Live album by Fred Frith and Chris Brown
- Released: June 1, 2007
- Recorded: January 2002; August 2004;
- Venue: Mills College, Oakland, California
- Genre: Experimental music; free improvisation;
- Length: 52:01
- Label: Intakt
- Producer: Intakt Records

Fred Frith chronology
| The Stone: Issue Two (2007) | Cutter Heads (2007) | The Sugar Factory (2007) |

= Cutter Heads =

Cutter Heads is a 2007 live collaborative album of improvised experimental music by Fred Frith and Chris Brown. It was recorded live at Mills College in Oakland, California in January 2002 and August 2004. The album was released by Intakt Records in June 2007.

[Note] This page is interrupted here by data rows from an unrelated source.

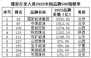 煤炭行业共有9家企业入选《2022中国品牌500强》。具体名单如下: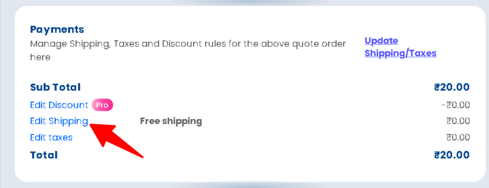 - Custom Shipping – Allows you to manually set a shipping rate for each individual quote.
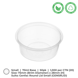 Small Round Container (100ml) are ideal for storing sauce and condiments. Made from recyclable, BPA-free, clear polypropylene plastic, these microwave-safe containers come in cartons of 1,000.
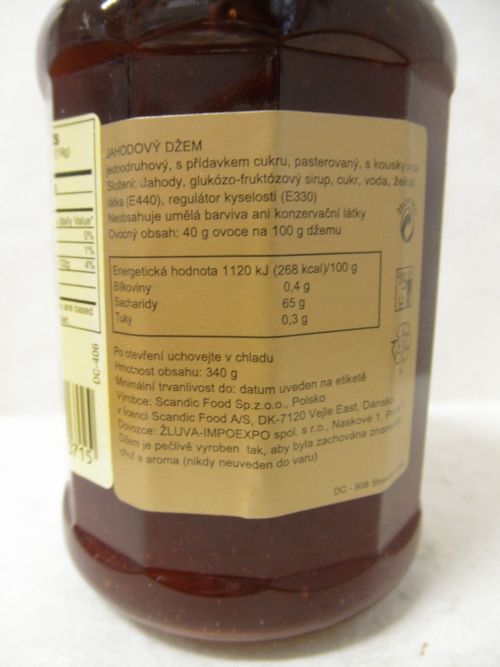 Ve vzorku Danish Choice JAHODOVÝ DŽEM, (340 g, DMT 20.06.2013) bylo rozborem zjištěn pouze 22,4% podílu jahod, přestože obal sliboval zákazníkům 40%.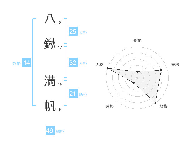 八鍬 満帆さんを姓名の画数から五運を鑑定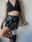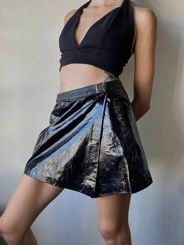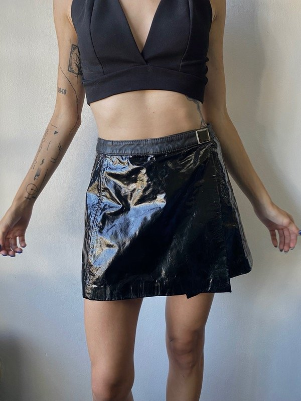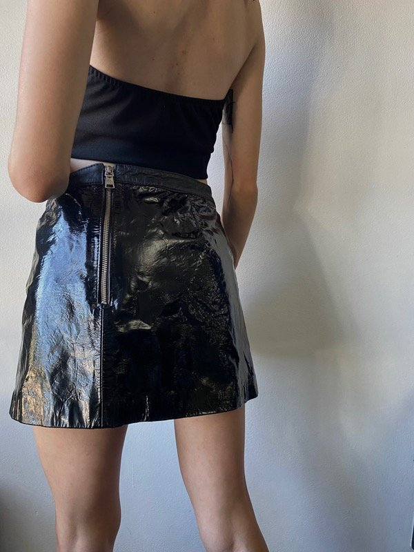 Pollera de charol color negro, forrada por dentro y cintura de cuero. Con botón simulando una piedra de adorno y cierre en la parte trasera. Doble solapa, talle 36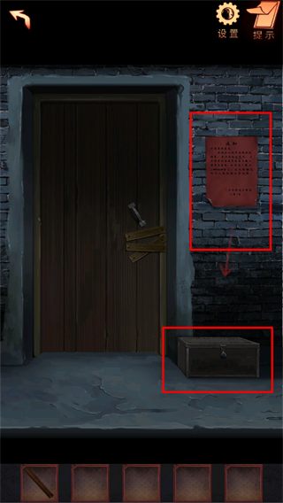 21、点击右侧的门,对着锁使用道具砖头,将锁砸开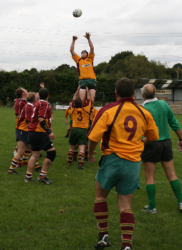 Shortly after the restart, Tom COLLINGE, was tackled and landed badly and had to be replaced by Richard SIMPSON, who was playing for the 3rd xv on the adjacent field. (Unfortunately, Tom had broken his collar bone and will be out of action for some time—our best wishes go with Tom for a speedy recovery). Heath kept up the pressure which was typified by a line out which was taken at the tail of the line out by wing forward, Mark MATTOCK, who made some 30 metres before offloading to the supporting David FREEMAN who made good ground. A knock-on in the backs then brought the move to an end.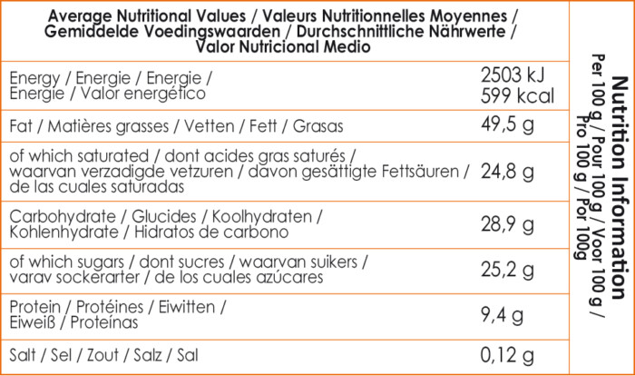 ►Cacao: issu du commerce équitable Fairtrade, cultivé par des producteurs certifiés et commercialisés selon les standards Fairtrade, 59% du poids total. Visitez info.fairtrade.net/sourcing
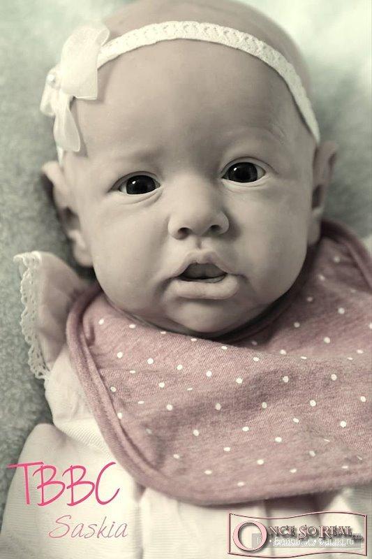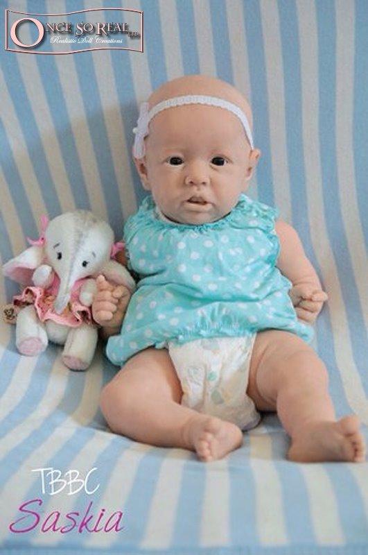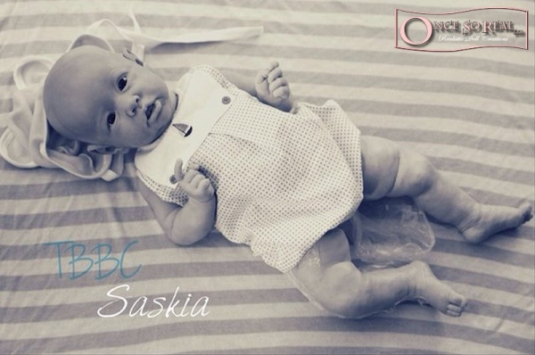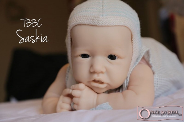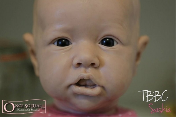Die Arme und Beine von Saskia sind lang modelliert, so dass das Baby später auch kurze Kleidung tragen kann. Das Vinyl ist hellbeige und sehr weich, so dass es sehr gut gefärbt und auch leicht gerootet werden kann. Es ist translucent und somit für die Innenfärbung geeignet.

Frith is an English multi-instrumentalist, composer and improviser. He often collaborates with other musicians, and also works with, and creates music for, film directors and choreographers. Brown is an American pianist and electronic musician who uses interactive electronics to compose music. He also makes his own electronic instruments. Frith and Brown were teachers at Mills college at the time – Frith taught composition and improvisation, and Brown taught electronic music.

==Reception==
In a review in The Wire, Andy Harilton called Cutter Heads an "excellent album". He wrote that while traditionally guitar and piano are not often used by improvisors because they have similar range and sonority, here Frith and Brown "explore leftfield techniques" that dispels concerns over the use of these instruments. Harilton stated that "one of many delights on [this] consistently inventive album" is "Sings the Foundation", which has a "huge sonic panorama [and] a maelstrom flux that evolves into something close to a free groove".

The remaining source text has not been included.